__Your task__. The lines from the one containing "Из них — 47" through the last line below, both ends included, must be reproduced exactly, with no pictures.

__Data extract__.
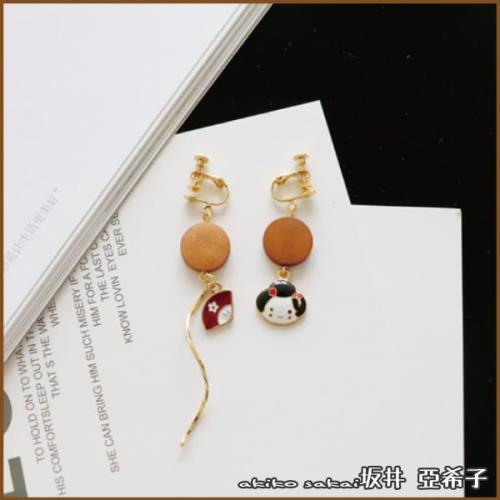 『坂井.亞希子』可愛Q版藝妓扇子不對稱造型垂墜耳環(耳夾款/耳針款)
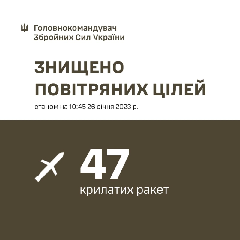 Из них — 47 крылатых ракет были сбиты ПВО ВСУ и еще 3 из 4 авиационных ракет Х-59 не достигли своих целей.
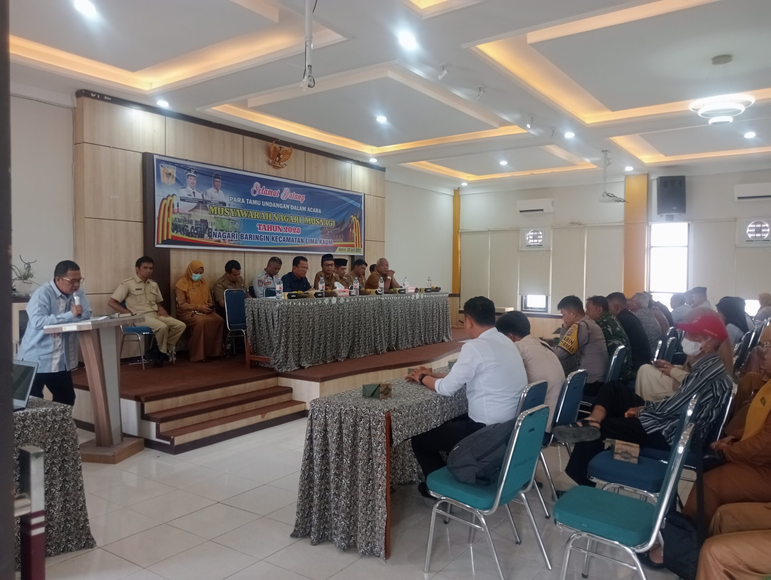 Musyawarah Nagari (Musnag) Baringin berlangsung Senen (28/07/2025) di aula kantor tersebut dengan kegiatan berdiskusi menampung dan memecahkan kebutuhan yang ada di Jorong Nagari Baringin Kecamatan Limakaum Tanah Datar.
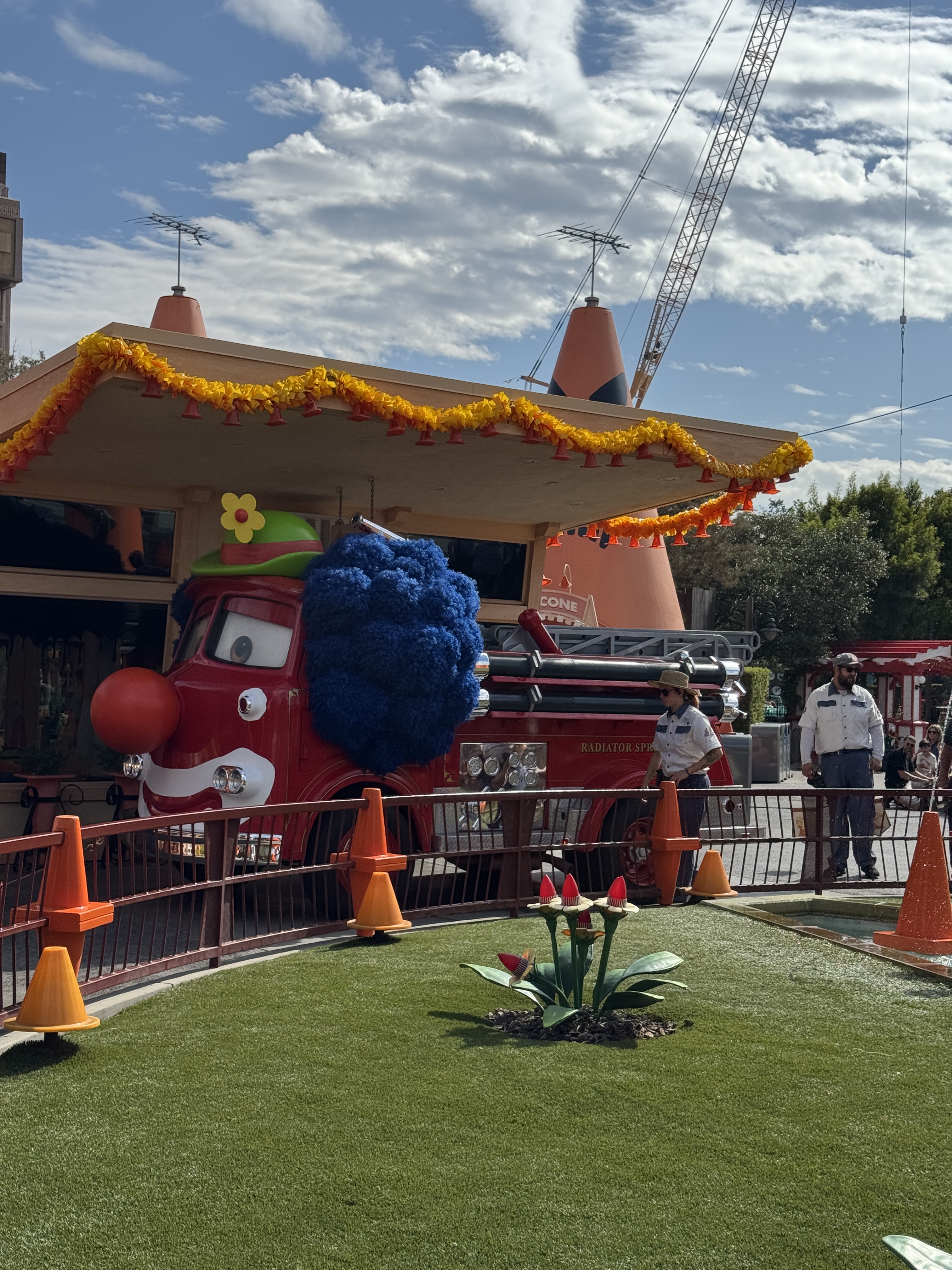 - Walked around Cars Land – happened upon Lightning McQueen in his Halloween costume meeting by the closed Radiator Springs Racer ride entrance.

__Task response__.
 Из них — 47 крылатых ракет были сбиты ПВО ВСУ и еще 3 из 4 авиационных ракет Х-59 не достигли своих целей.
 Musyawarah Nagari (Musnag) Baringin berlangsung Senen (28/07/2025) di aula kantor tersebut dengan kegiatan berdiskusi menampung dan memecahkan kebutuhan yang ada di Jorong Nagari Baringin Kecamatan Limakaum Tanah Datar.
 - Walked around Cars Land – happened upon Lightning McQueen in his Halloween costume meeting by the closed Radiator Springs Racer ride entrance.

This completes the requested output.